**MATERIAL FOR THE TASK**.
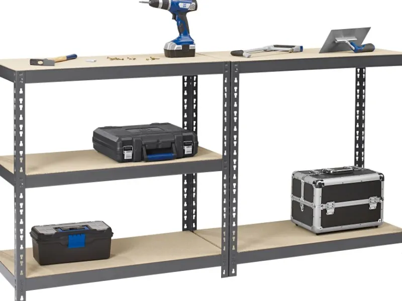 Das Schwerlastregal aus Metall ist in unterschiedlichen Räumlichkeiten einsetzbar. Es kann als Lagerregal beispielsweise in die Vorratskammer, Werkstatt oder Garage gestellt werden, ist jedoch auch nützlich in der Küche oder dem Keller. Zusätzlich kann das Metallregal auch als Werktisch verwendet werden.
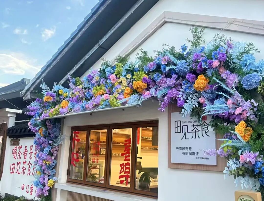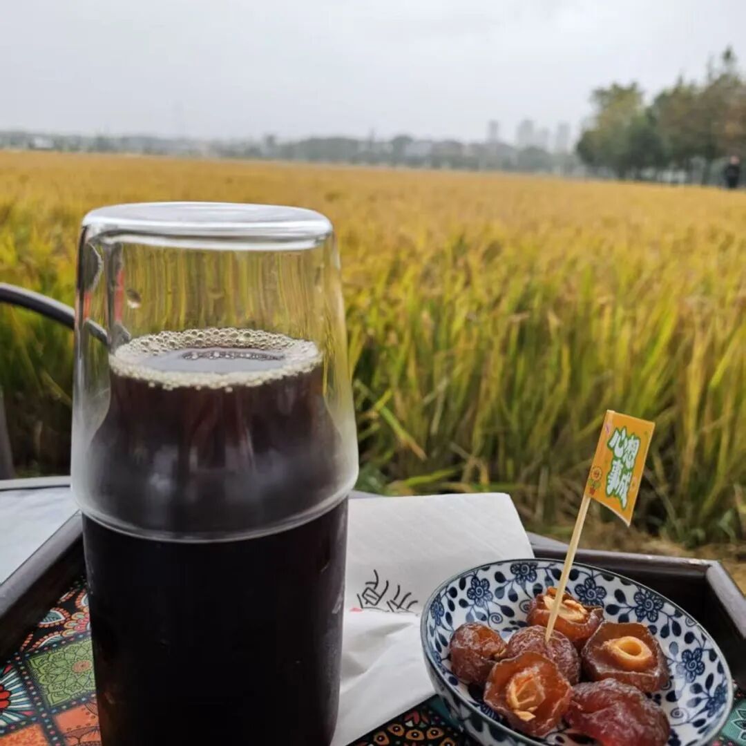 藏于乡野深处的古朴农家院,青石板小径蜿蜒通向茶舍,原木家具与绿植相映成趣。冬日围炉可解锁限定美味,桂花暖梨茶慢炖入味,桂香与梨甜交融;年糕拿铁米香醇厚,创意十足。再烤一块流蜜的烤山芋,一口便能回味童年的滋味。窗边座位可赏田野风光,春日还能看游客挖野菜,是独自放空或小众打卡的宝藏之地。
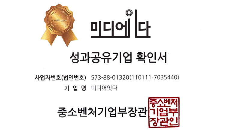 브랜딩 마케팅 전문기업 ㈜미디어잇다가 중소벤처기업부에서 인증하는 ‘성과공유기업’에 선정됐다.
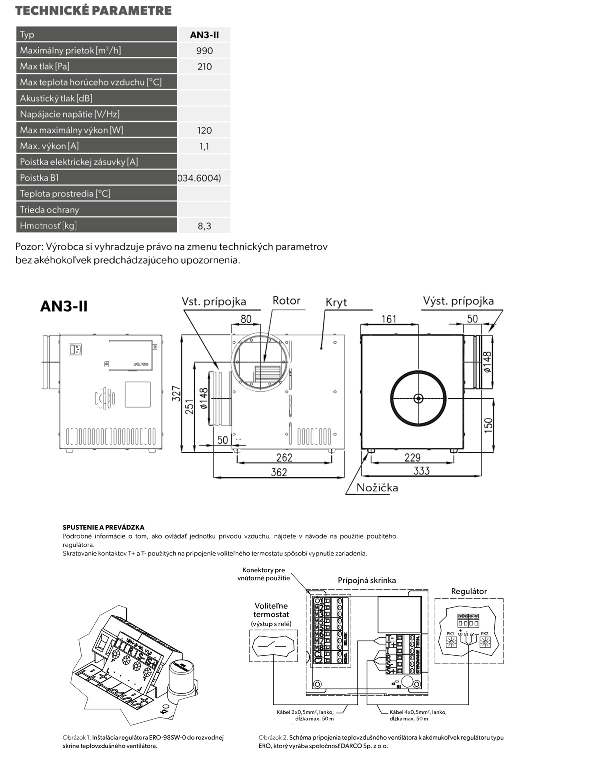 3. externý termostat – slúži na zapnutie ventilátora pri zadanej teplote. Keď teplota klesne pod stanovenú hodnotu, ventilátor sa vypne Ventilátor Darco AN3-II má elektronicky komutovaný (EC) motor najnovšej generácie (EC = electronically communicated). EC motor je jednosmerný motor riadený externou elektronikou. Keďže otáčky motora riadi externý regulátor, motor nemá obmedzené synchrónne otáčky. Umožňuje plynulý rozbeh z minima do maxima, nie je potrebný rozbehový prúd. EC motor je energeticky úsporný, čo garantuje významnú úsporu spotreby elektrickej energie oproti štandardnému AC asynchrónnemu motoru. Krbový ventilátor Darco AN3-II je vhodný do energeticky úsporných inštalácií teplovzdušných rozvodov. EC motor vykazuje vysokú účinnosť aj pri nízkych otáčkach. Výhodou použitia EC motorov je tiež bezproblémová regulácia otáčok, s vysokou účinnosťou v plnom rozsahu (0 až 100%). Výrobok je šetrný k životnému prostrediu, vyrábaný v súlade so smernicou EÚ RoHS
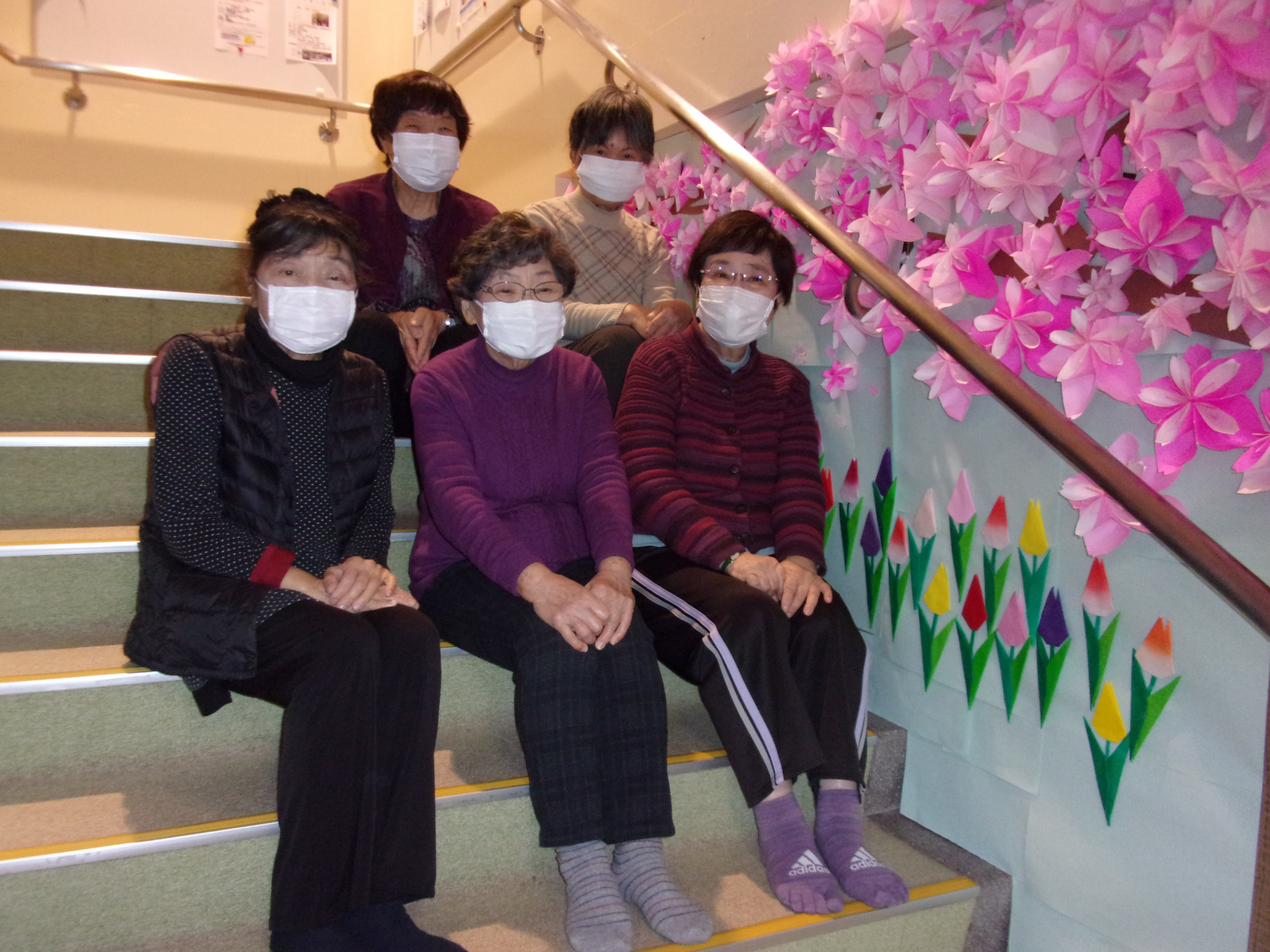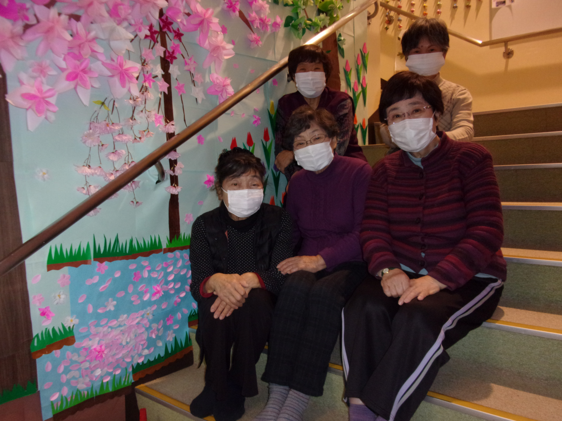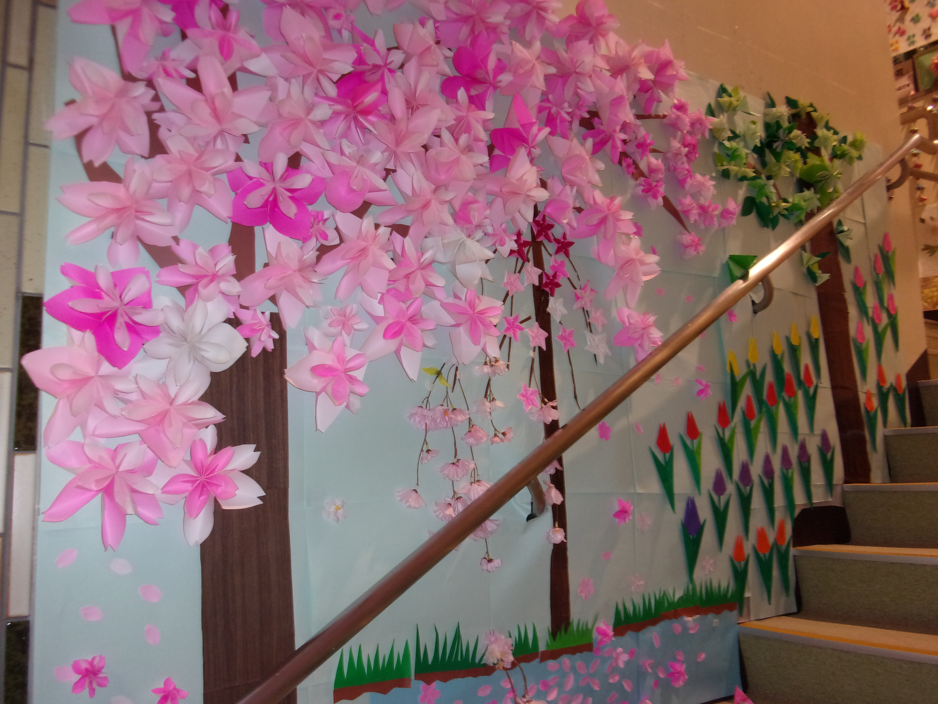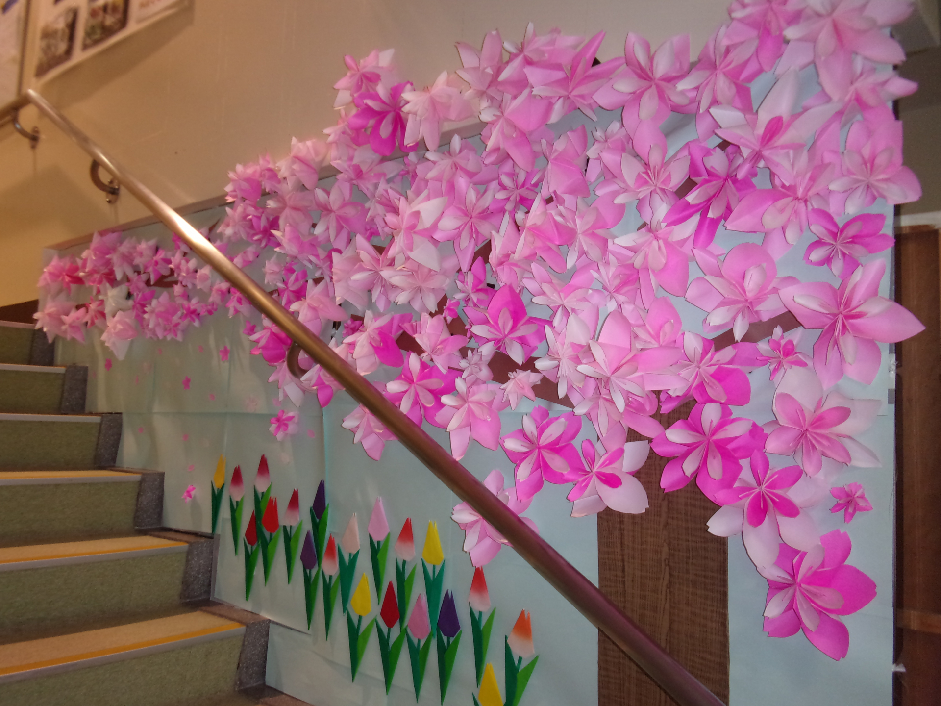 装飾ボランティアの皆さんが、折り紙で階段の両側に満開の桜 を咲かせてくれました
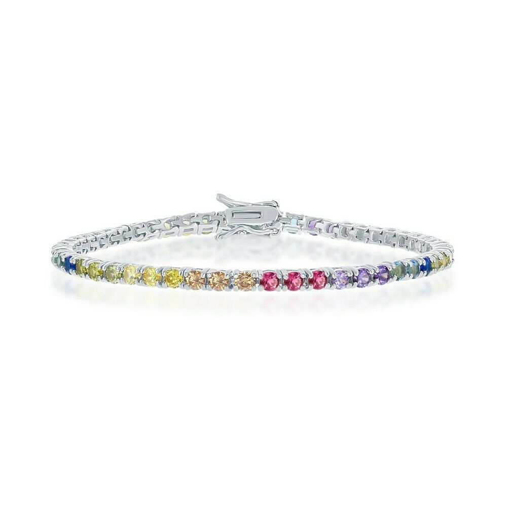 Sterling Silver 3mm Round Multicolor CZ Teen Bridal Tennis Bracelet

**INSTRUCTIONS TO FOLLOW**.
Please restate the lines above exactly, starting at the first line of the data and stopping at the line containing "브랜딩 마케팅 전문기업", which is included. Omit pictures.

**RESPONSE TO THE EXERCISE**.
 Das Schwerlastregal aus Metall ist in unterschiedlichen Räumlichkeiten einsetzbar. Es kann als Lagerregal beispielsweise in die Vorratskammer, Werkstatt oder Garage gestellt werden, ist jedoch auch nützlich in der Küche oder dem Keller. Zusätzlich kann das Metallregal auch als Werktisch verwendet werden.
 藏于乡野深处的古朴农家院,青石板小径蜿蜒通向茶舍,原木家具与绿植相映成趣。冬日围炉可解锁限定美味,桂花暖梨茶慢炖入味,桂香与梨甜交融;年糕拿铁米香醇厚,创意十足。再烤一块流蜜的烤山芋,一口便能回味童年的滋味。窗边座位可赏田野风光,春日还能看游客挖野菜,是独自放空或小众打卡的宝藏之地。
 브랜딩 마케팅 전문기업 ㈜미디어잇다가 중소벤처기업부에서 인증하는 ‘성과공유기업’에 선정됐다.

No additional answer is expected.